View Single Post
Old 03-11-2023, 08:13 PM   #206
nezih
Enthusiast
nezih is less competitive than you.nezih is less competitive than you.nezih is less competitive than you.nezih is less competitive than you.nezih is less competitive than you.nezih is less competitive than you.nezih is less competitive than you.nezih is less competitive than you.nezih is less competitive than you.nezih is less competitive than you.nezih is less competitive than you.
 
nezih's Avatar
 
Posts: 43
Karma: 14828
Join Date: Feb 2023
Device: Boox Page, Kobo Aura SE
Quote:
Originally Posted by DenS View Post
Hi @nezih. I ran your script at the windows prompt and was able to convert a .html dictionary to .xml. Next I used pyglossary to convert the .xml to stardict(.ifo).

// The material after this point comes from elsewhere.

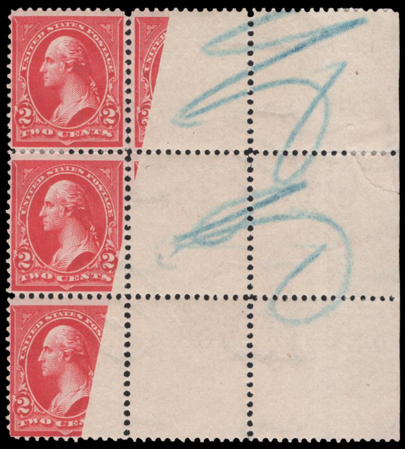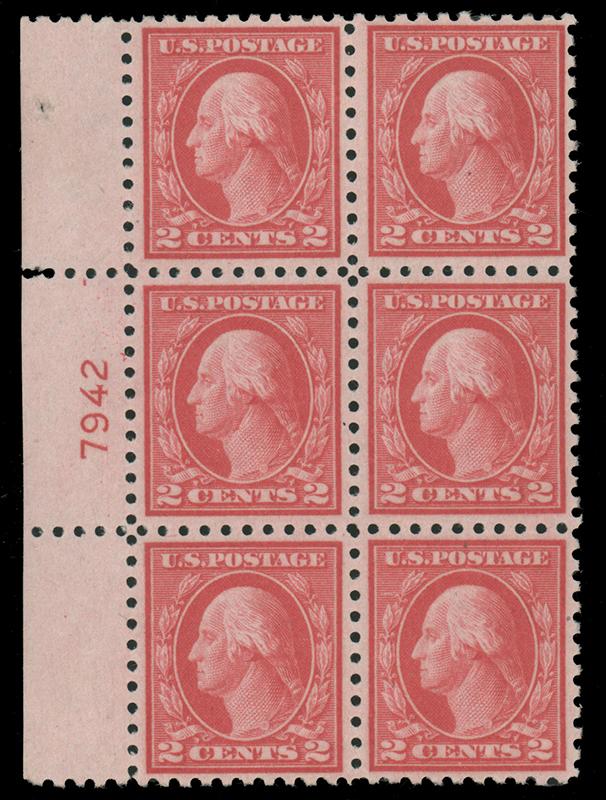 1916, 2c CARMINE PERF 10 UNWMK LEFT PLATE #7942 BLOCK OF SIX FROM THE 5-CENT ERROR SHEET NH, #463 (467), fresh, extremely fine, cat. $250.00 (Image)

It worked great, Thanks!
But there is a dictionary, actually what I needed most, which I can't convert to .xml. The command I use at the prompt is this:
Code:
mobi2stardict.py --html-file "book.html" --fix-links --dict-name "Grande Dicionário de Português" --author "Porto Editora" --textual --chunked
And the prompt gives me this error:
Code:
Traceback (most recent call last):
  File "D:\Downloads\mobi2stardict\mobi2stardict.py", line 160, in <module>
    convert(args.html_file, args.dict_name, args.author, args.fix_links, args.gls, args.textual, args.chunked)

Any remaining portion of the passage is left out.